======== Record excerpts ========

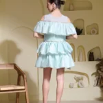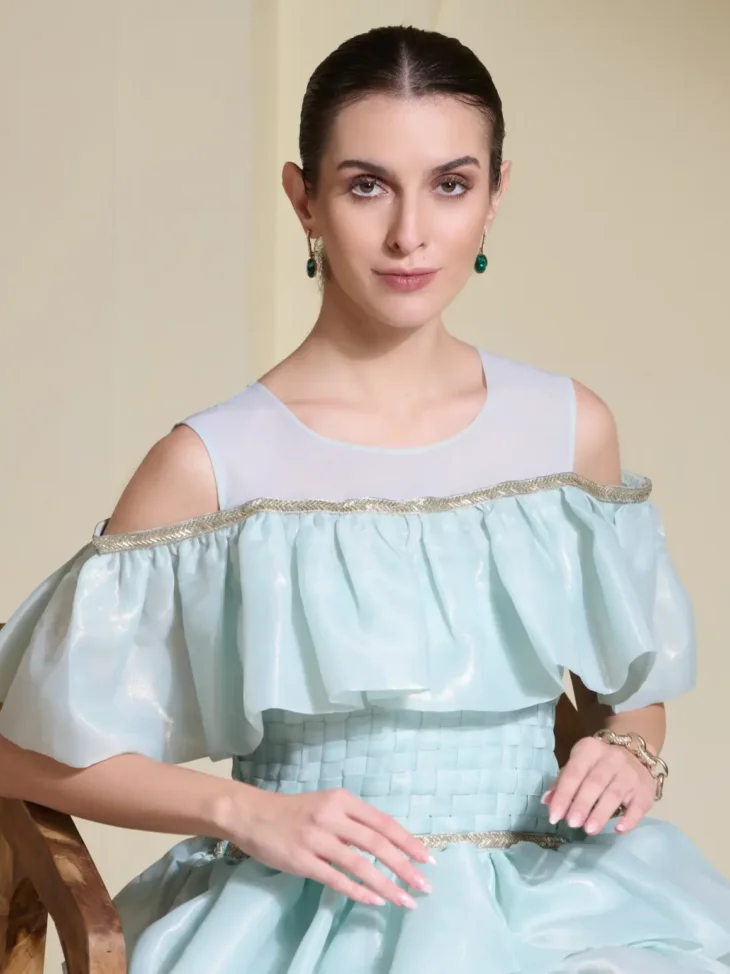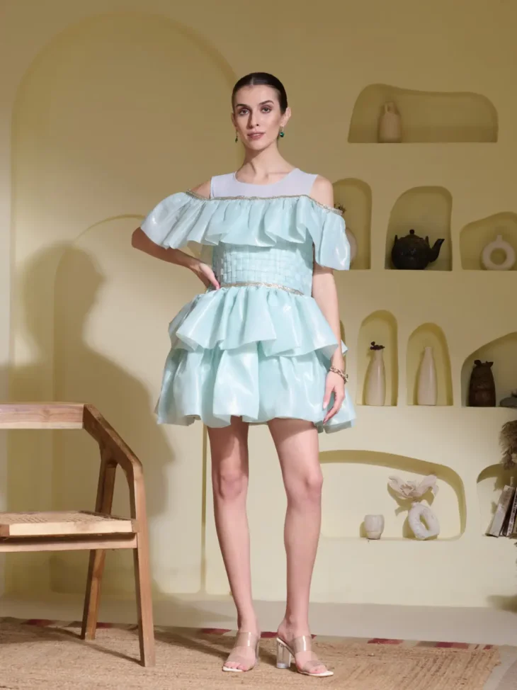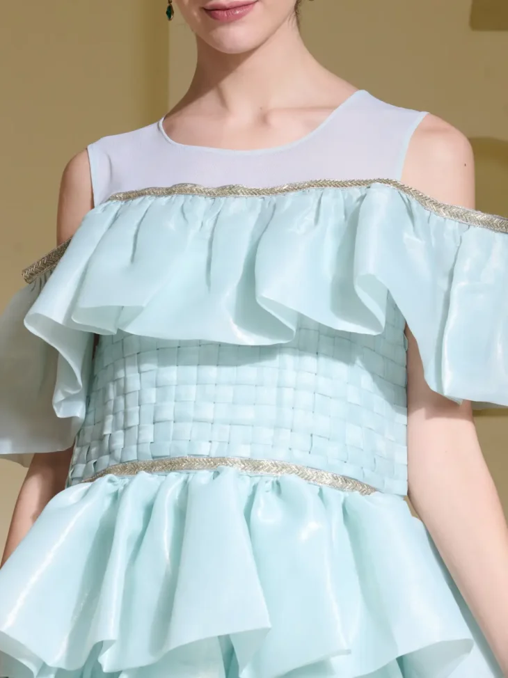 A playful mini dress in glass organza with dramatic layered ruffles, featuring a basket-woven bodice and delicate lace trim. Finished with a stretchable net neckline for added comfort and charm—fun, feminine, and full of texture
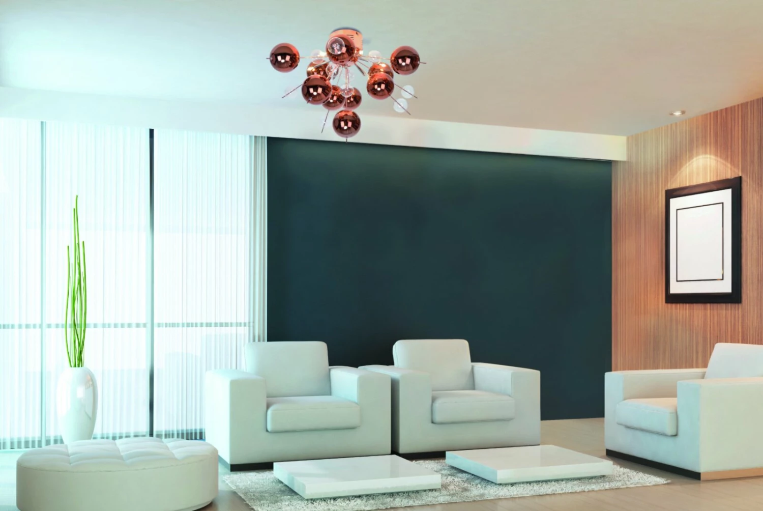Die Deckenleuchte EXPLOSION ist ein echtes Highlight in jedem Wohnraum. Sie versprüht Charme durch ihr einzigartiges Design und dient nicht nur als schöne Lichtquelle, sondern ist zudem ein dekoratives Element. Die Farbgebung Kupfer setzt nochmal einen zusätzlichen Akzent.
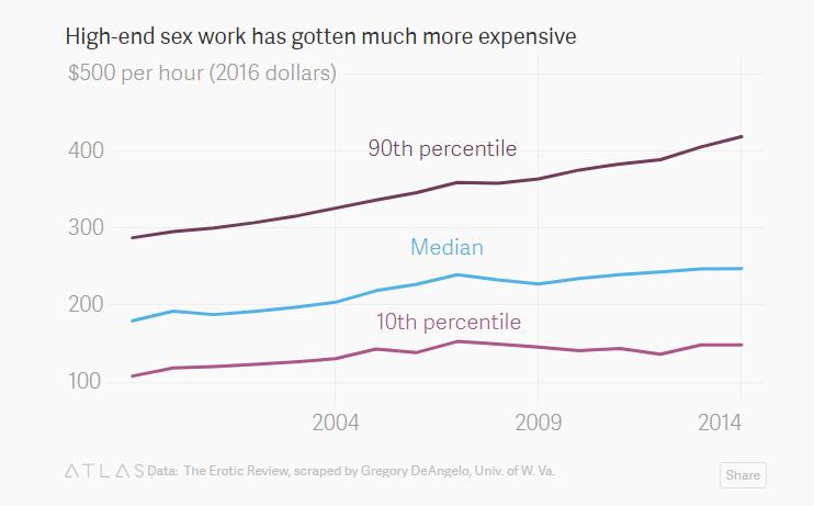 在某种程度上,性交易价格的整体上涨反映了更高的成本,比如在大多数性工作者工作的城市地区,医疗保健和房租上涨。但这似乎也表明了更高的价格涨幅,这是令人惊讶的。你可能会认为,一个能够产生更多竞争和透明度的在线市场会导致更低的利润——就像亚马逊对零售行业所做的那样。毕竟,如果一名性工作者能以200美元的价格获得类似的服务,为什么还要付给性工作者700美元呢?
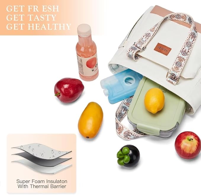Lunch Bag Lunch Box Women - Leakproof Insulated Lunch Cooler Bag for Women - Large Lunch Tote Bags Adults, White
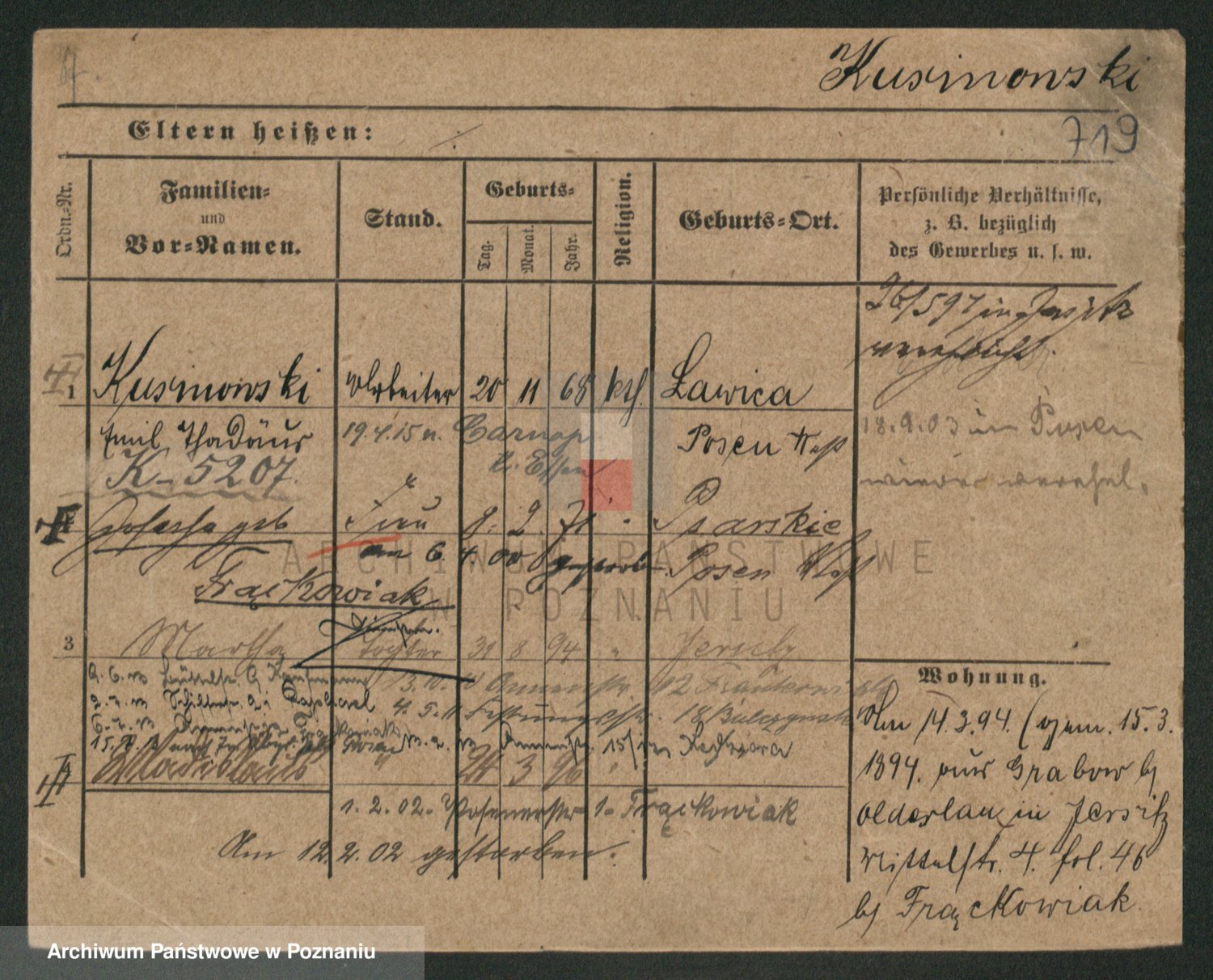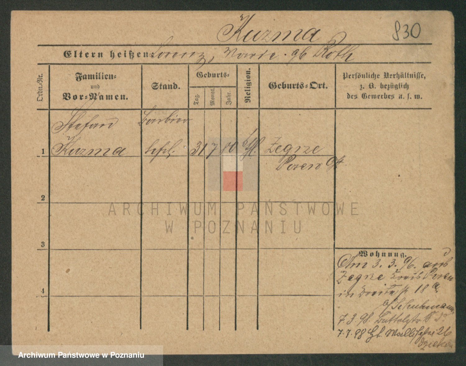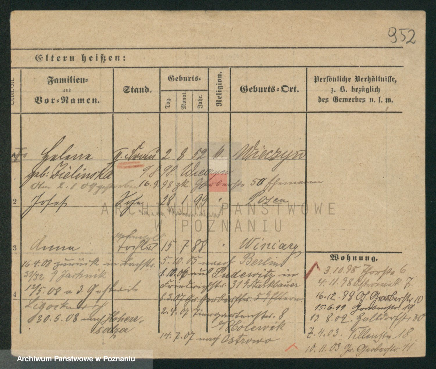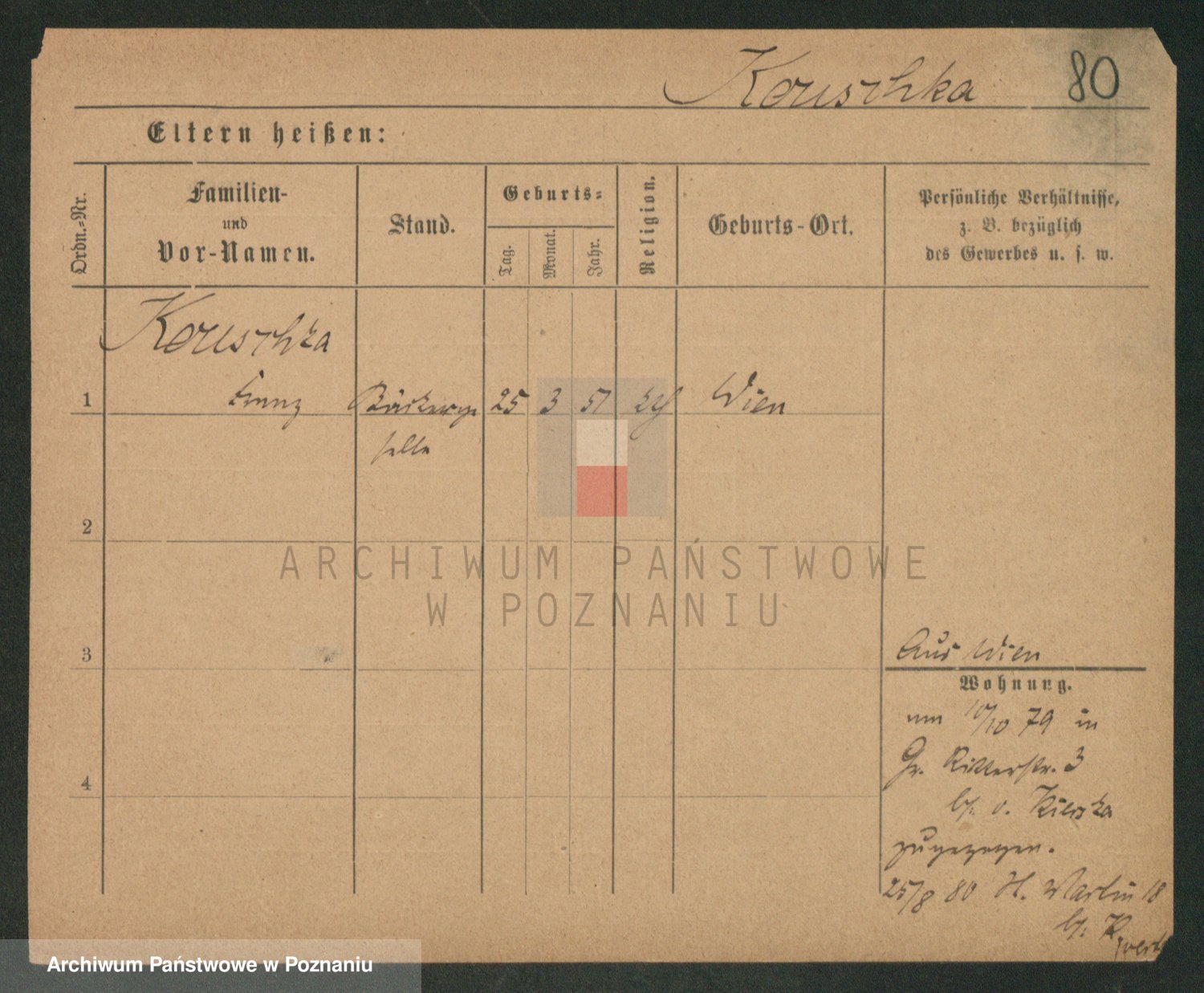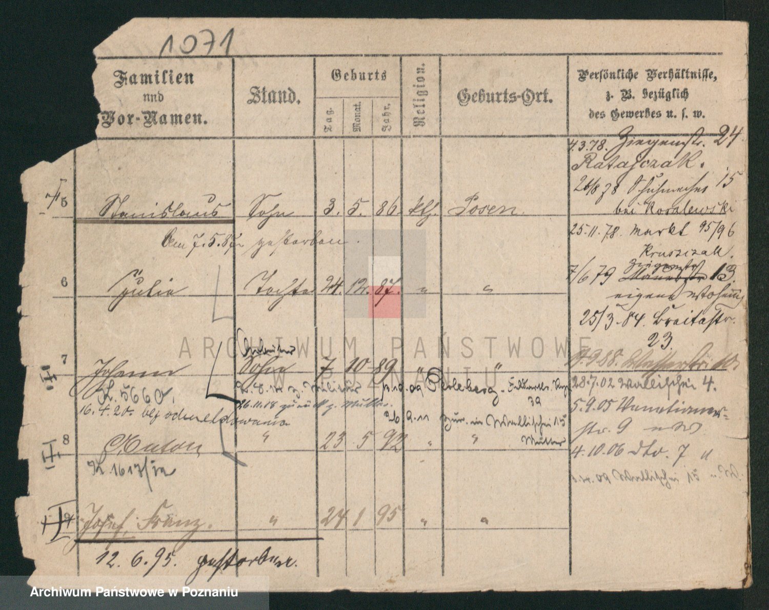 Podgląd karty osobowej dostępny jest po kliknięciu na nazwisko lub ikonkę karty. Można dokonywać powiększenia (ikony na górze) lub przechodzić między kolejnymi skanami (strzałki po bokach).
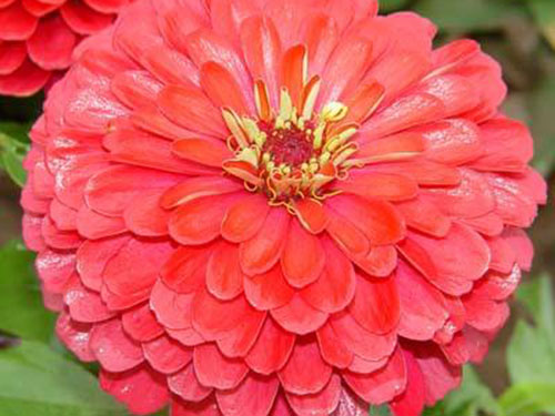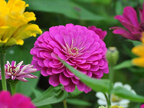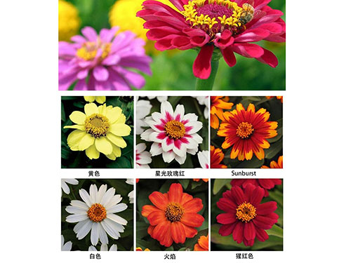 百日草,一年生草本植物。側(cè)枝呈杈狀分枝。夏秋開花,頭狀花序單生枝頂,花徑約10厘米,花瓣顏色多樣,花期長,花型變化多端,基本上都是重瓣種。
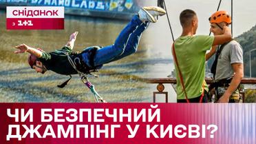 На Пішохідному мосту запрацював роуп-джампінг: чи безпечна популярна розвага у Києві?
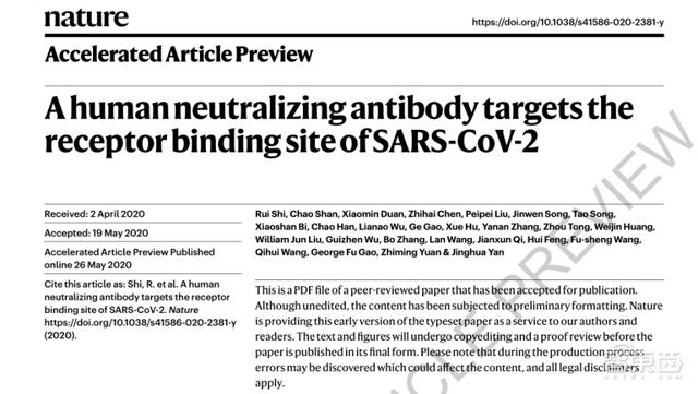 ▲《自然》杂志发表论文《以SARS-CoV-2的受体结合位点为靶点的人类中和抗体》
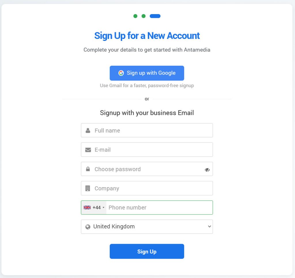Sign Up and basic configuration of your account on Antamedia Cloud Platform is done in couple easy steps.
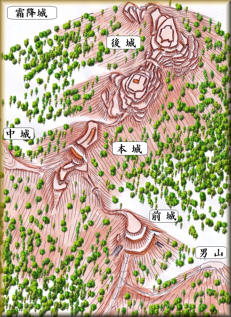 *リクエストに応じて、現地案内板の図を基にして作成した鳥瞰図。この城にはまだ訪れていない。

========

> **Work required**: Your copy should hold only the lines from the line with "Sign Up and" through the end of the data above, both ends included, transcribed exactly and without pictures.

> **Answer for the task**:
Sign Up and basic configuration of your account on Antamedia Cloud Platform is done in couple easy steps.
 *リクエストに応じて、現地案内板の図を基にして作成した鳥瞰図。この城にはまだ訪れていない。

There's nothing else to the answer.